● **Given records**

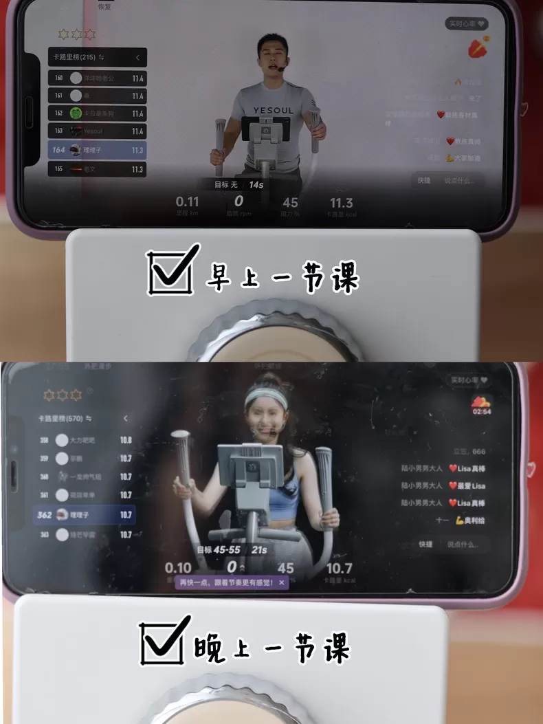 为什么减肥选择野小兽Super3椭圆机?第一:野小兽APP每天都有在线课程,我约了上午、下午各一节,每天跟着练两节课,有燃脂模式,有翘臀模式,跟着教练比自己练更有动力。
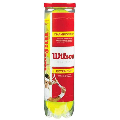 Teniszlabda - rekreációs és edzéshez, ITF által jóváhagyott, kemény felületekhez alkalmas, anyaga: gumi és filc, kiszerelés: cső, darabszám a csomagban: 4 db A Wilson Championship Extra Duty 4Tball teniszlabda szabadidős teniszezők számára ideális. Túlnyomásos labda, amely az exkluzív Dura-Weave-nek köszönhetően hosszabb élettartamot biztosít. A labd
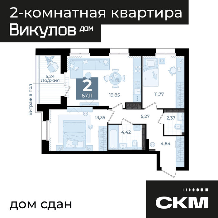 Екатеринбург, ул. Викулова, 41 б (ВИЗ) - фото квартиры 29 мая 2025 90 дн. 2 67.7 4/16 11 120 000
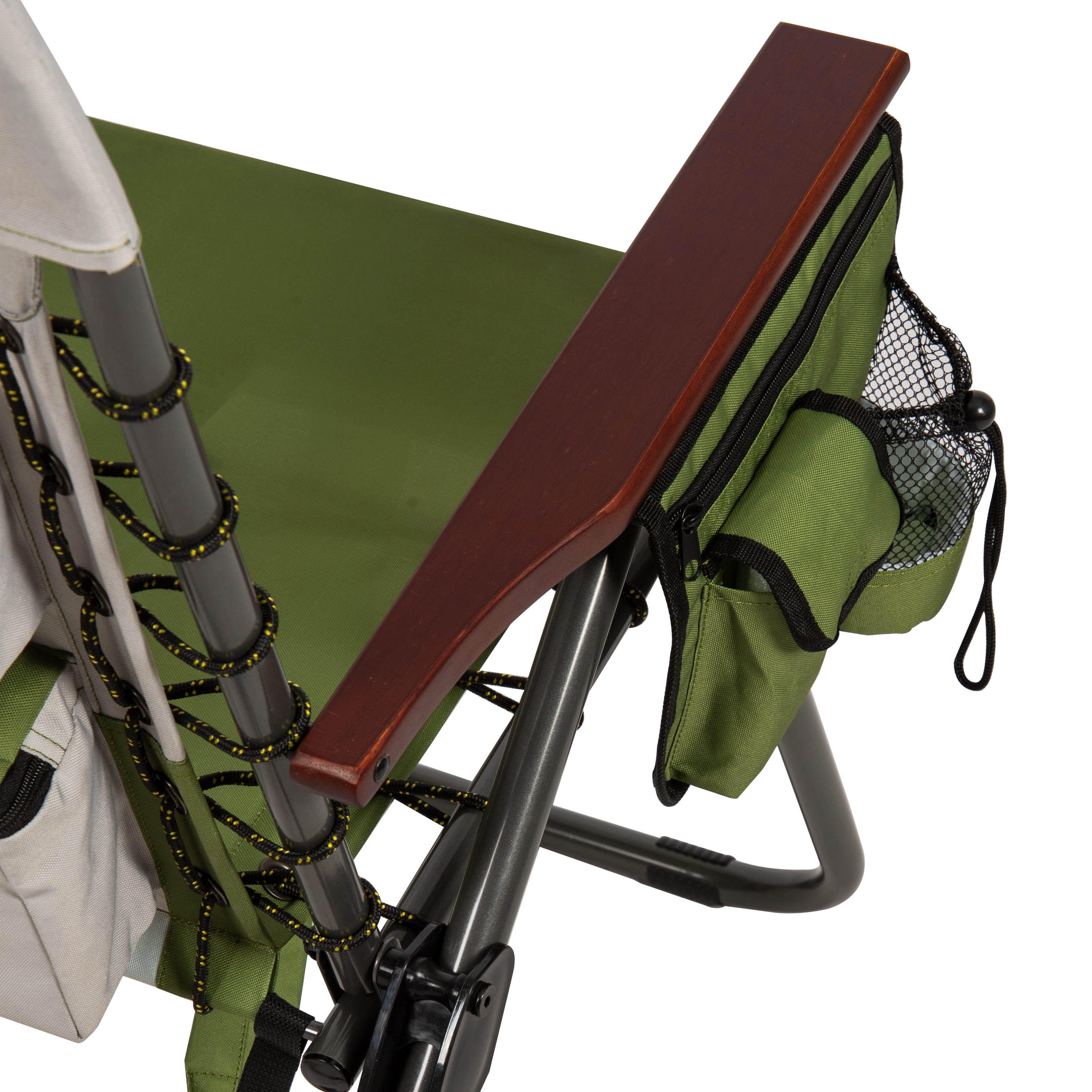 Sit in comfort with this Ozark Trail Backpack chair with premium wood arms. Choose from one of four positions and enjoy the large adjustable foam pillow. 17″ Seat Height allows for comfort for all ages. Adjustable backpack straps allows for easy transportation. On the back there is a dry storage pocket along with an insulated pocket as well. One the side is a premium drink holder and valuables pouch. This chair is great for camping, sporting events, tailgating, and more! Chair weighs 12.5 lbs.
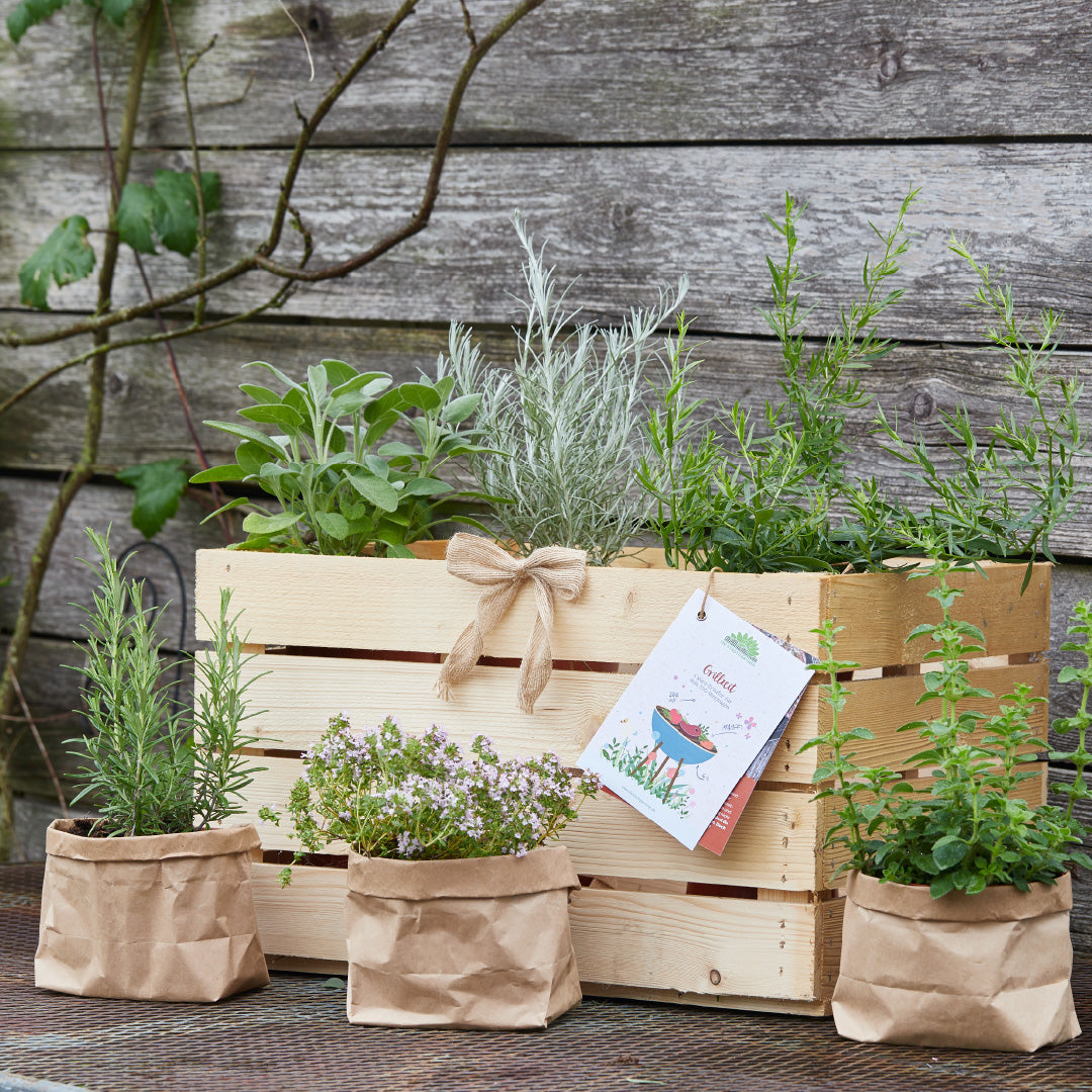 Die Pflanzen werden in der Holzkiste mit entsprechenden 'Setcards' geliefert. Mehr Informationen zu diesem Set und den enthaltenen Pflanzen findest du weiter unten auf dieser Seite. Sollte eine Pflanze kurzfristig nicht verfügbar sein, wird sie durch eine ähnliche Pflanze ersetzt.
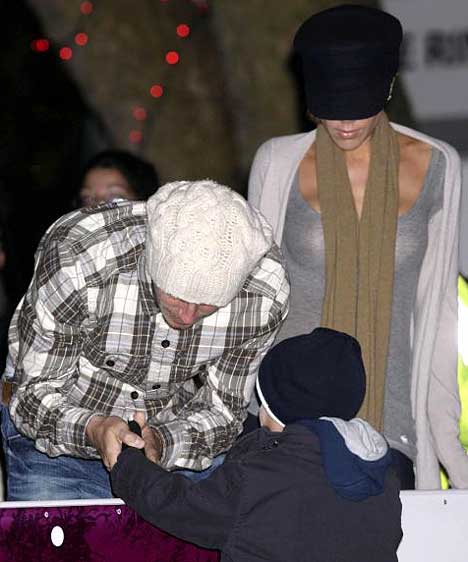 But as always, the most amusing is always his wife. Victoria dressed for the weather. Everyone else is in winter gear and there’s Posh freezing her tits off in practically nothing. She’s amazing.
==
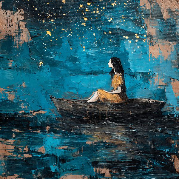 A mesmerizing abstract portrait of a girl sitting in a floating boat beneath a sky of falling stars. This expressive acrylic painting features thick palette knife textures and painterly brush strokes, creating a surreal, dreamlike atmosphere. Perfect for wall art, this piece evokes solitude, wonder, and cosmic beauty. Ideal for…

● **Problem to solve**
Give again the stretch of lines above from the one with "Sit in comfort" through the one with "But as always, the", both ends kept, and copy no pictures.

● **Answer section**
 Sit in comfort with this Ozark Trail Backpack chair with premium wood arms. Choose from one of four positions and enjoy the large adjustable foam pillow. 17″ Seat Height allows for comfort for all ages. Adjustable backpack straps allows for easy transportation. On the back there is a dry storage pocket along with an insulated pocket as well. One the side is a premium drink holder and valuables pouch. This chair is great for camping, sporting events, tailgating, and more! Chair weighs 12.5 lbs.
 Die Pflanzen werden in der Holzkiste mit entsprechenden 'Setcards' geliefert. Mehr Informationen zu diesem Set und den enthaltenen Pflanzen findest du weiter unten auf dieser Seite. Sollte eine Pflanze kurzfristig nicht verfügbar sein, wird sie durch eine ähnliche Pflanze ersetzt.
 But as always, the most amusing is always his wife. Victoria dressed for the weather. Everyone else is in winter gear and there’s Posh freezing her tits off in practically nothing. She’s amazing.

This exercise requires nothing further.